*Try it*. Output the entries word for word. Omit images.

*Exercise material*.

=== Section Start ===

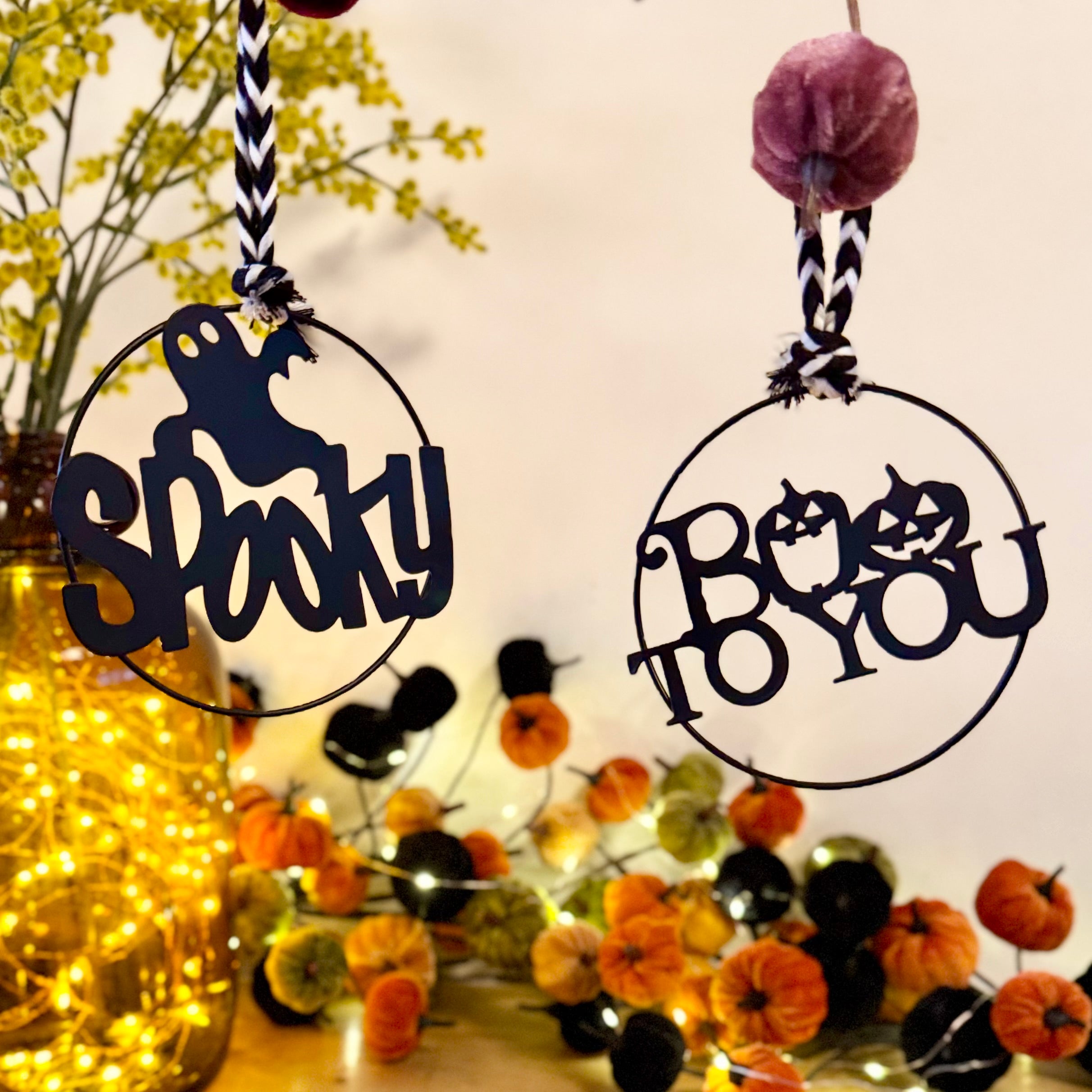 Set of two hanging Halloween hoop decorations — Spooky with a ghost and Boo to You with cheeky pumpkins. Both designs are cut from black metal silhouettes on slim steel hoops, finished with a plaited fabric loop for hanging. Easy to style on doors, shelves, garlands or autumn branches, they bring bold Halloween character to your home without the fuss.
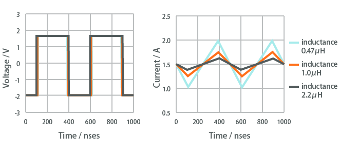 When the inductance and frequency fluctuate, the voltage size does not change, but this affects the size of the ripple current. When the inductance becomes large, the change in current is reduced, and so the ripple current becomes smaller (Figure 2-5-7). Also, when the frequency becomes large, this shortens the time for one cycle, and so the ripple current becomes smaller (Figure 2-5-8).
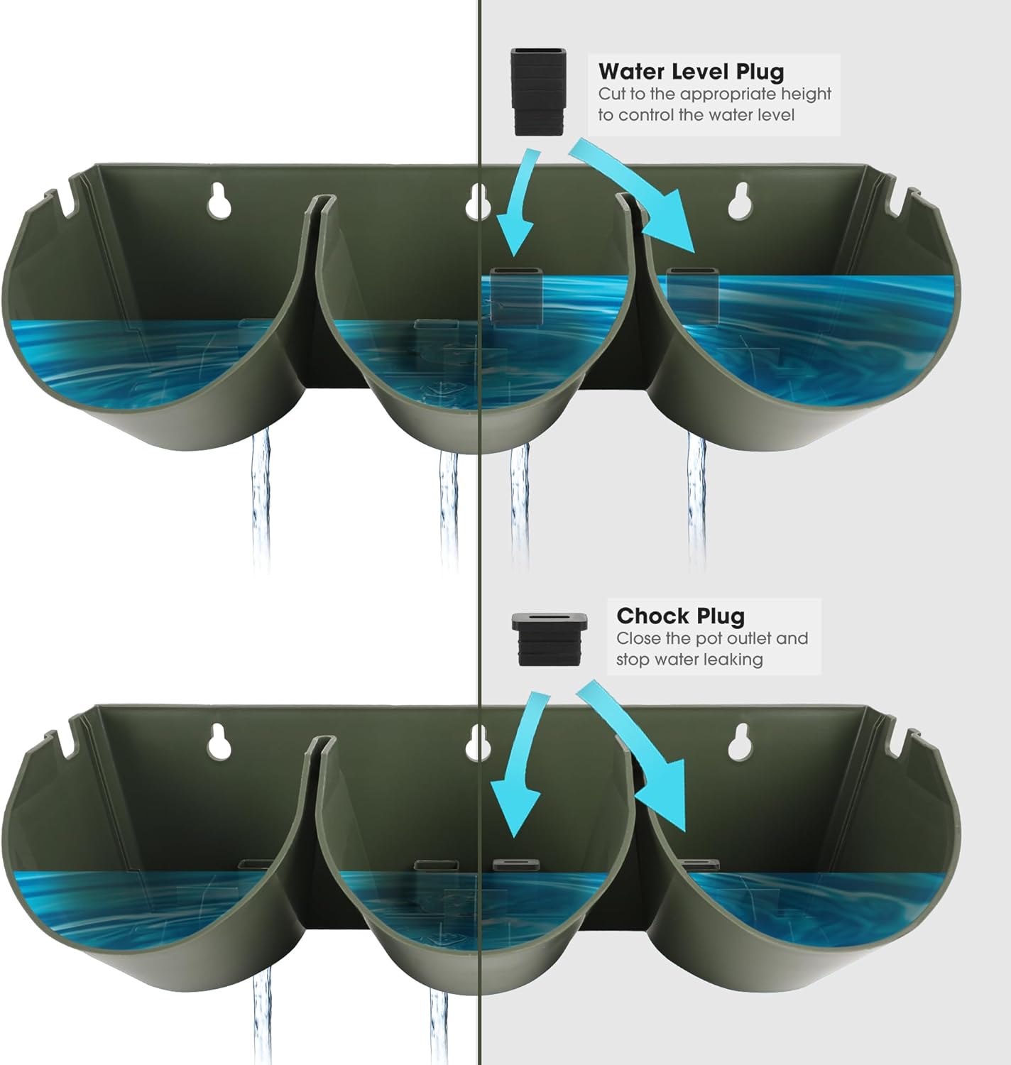 - STACKED VERTICAL DESIGN: The water filtration system from top to bottom can effectively save and retain moisture; Includes 6x water filter panels used to prevent leaves and solid impurities from blocking the outlet of the pots, 24x water level plug used to control the water level and 24x chock plugs to close the pot outlet and stop water leaking
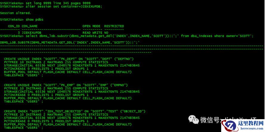 --业务用户conn jieke/jiekexu123select dbms_metadata.get_ddl('INDEX',u.object_name) from user_objects u where object_type='INDEX';
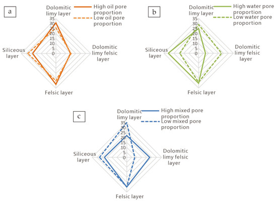 Relationship between wettability pore proportion and lamination proportion ((a) oil-wet pores; (b) water-wet pores; (c) mixed-wet pores).

=== Section End ===

*Exercise output*.
 Set of two hanging Halloween hoop decorations — Spooky with a ghost and Boo to You with cheeky pumpkins. Both designs are cut from black metal silhouettes on slim steel hoops, finished with a plaited fabric loop for hanging. Easy to style on doors, shelves, garlands or autumn branches, they bring bold Halloween character to your home without the fuss.
 When the inductance and frequency fluctuate, the voltage size does not change, but this affects the size of the ripple current. When the inductance becomes large, the change in current is reduced, and so the ripple current becomes smaller (Figure 2-5-7). Also, when the frequency becomes large, this shortens the time for one cycle, and so the ripple current becomes smaller (Figure 2-5-8).
 - STACKED VERTICAL DESIGN: The water filtration system from top to bottom can effectively save and retain moisture; Includes 6x water filter panels used to prevent leaves and solid impurities from blocking the outlet of the pots, 24x water level plug used to control the water level and 24x chock plugs to close the pot outlet and stop water leaking
 --业务用户conn jieke/jiekexu123select dbms_metadata.get_ddl('INDEX',u.object_name) from user_objects u where object_type='INDEX';
 Relationship between wettability pore proportion and lamination proportion ((a) oil-wet pores; (b) water-wet pores; (c) mixed-wet pores).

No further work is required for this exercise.